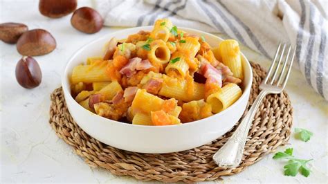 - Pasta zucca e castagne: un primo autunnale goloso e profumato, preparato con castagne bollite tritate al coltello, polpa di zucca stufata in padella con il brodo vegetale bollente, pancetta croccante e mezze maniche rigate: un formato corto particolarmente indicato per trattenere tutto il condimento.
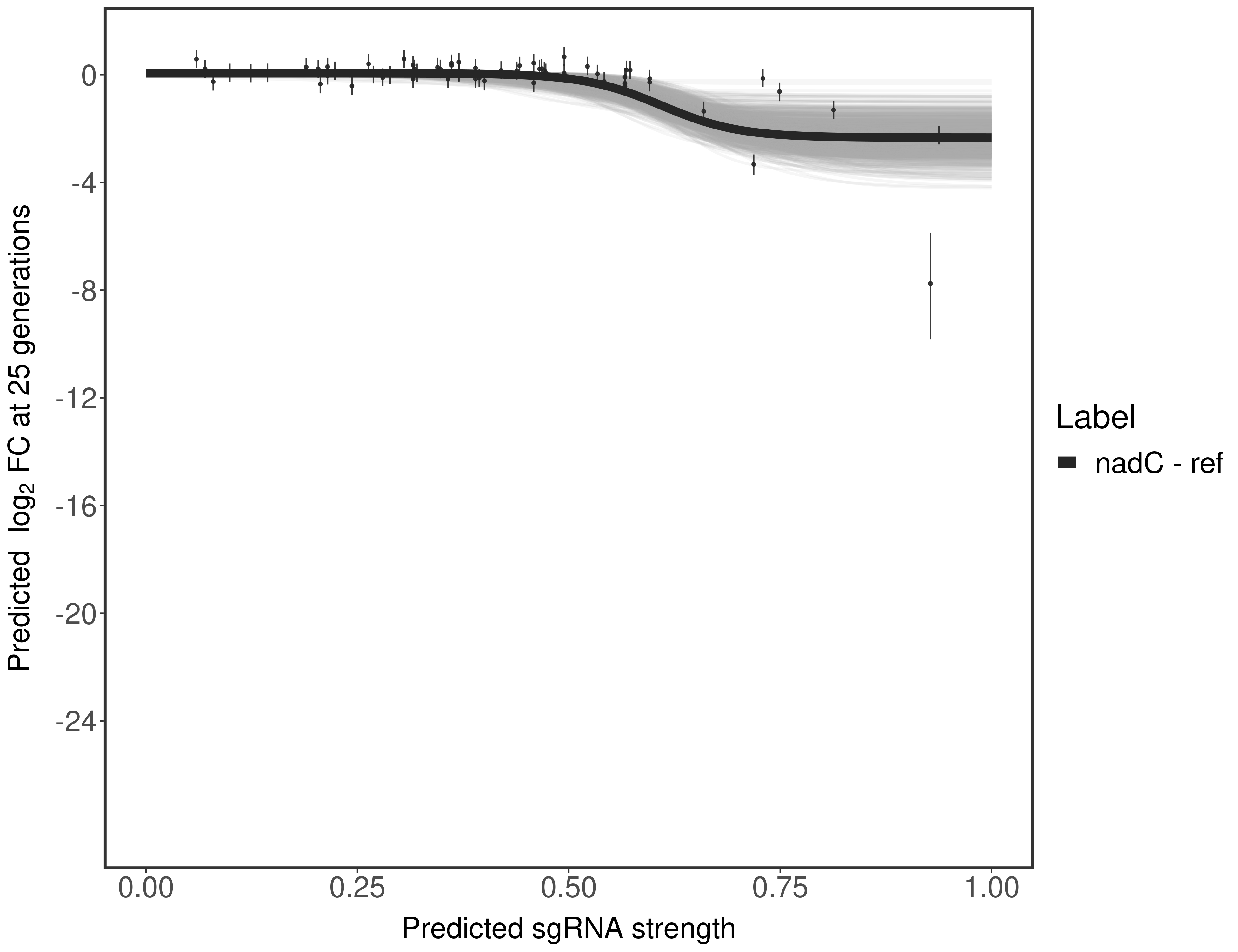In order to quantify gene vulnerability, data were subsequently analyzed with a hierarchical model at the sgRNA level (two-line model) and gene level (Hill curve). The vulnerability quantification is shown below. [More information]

---

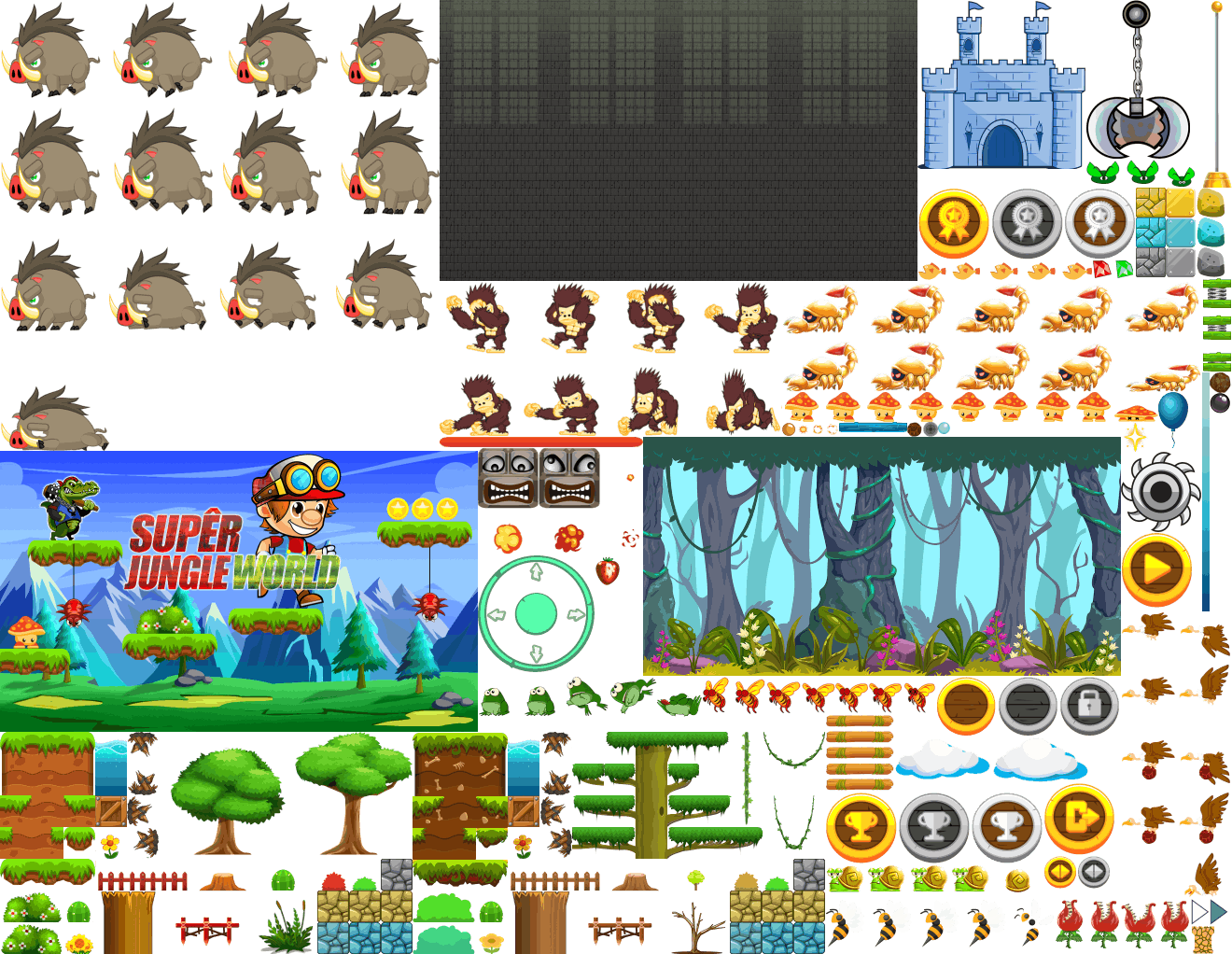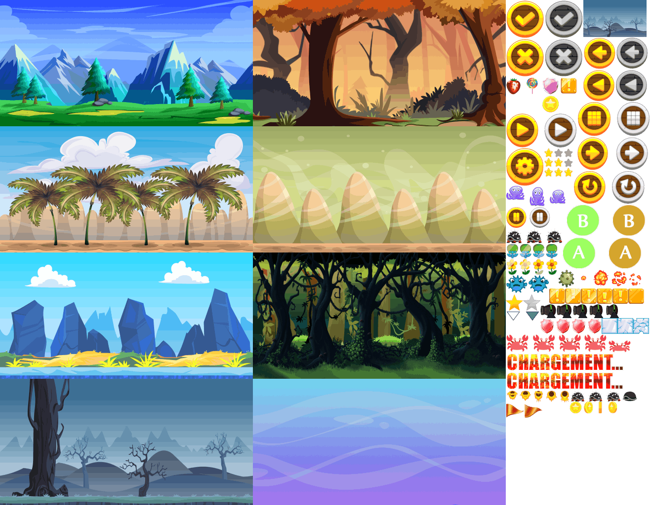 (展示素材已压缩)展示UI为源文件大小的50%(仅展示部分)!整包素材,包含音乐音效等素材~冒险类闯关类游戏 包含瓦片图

---

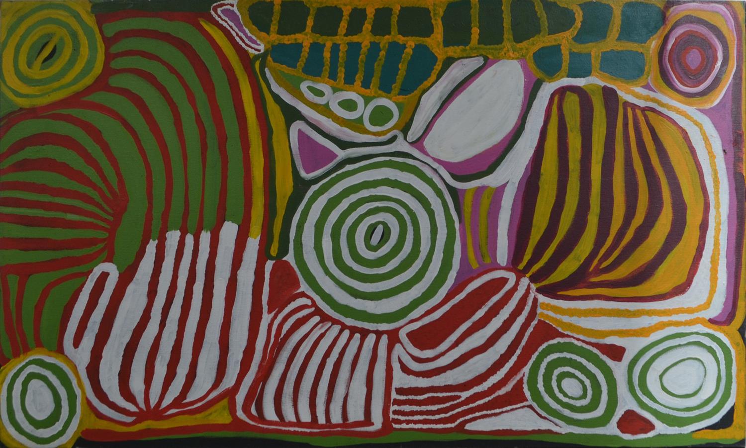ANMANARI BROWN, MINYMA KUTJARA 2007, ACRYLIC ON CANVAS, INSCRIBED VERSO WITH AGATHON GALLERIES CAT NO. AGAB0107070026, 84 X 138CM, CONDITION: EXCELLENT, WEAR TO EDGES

#### Task statement
Only one stretch of the listing above is to be duplicated: the lines from the one containing "- Pasta zucca" through the one containing "In order to", both included. Copy them exactly, minus the pictures.

#### Exercise result
 - Pasta zucca e castagne: un primo autunnale goloso e profumato, preparato con castagne bollite tritate al coltello, polpa di zucca stufata in padella con il brodo vegetale bollente, pancetta croccante e mezze maniche rigate: un formato corto particolarmente indicato per trattenere tutto il condimento.
In order to quantify gene vulnerability, data were subsequently analyzed with a hierarchical model at the sgRNA level (two-line model) and gene level (Hill curve). The vulnerability quantification is shown below. [More information]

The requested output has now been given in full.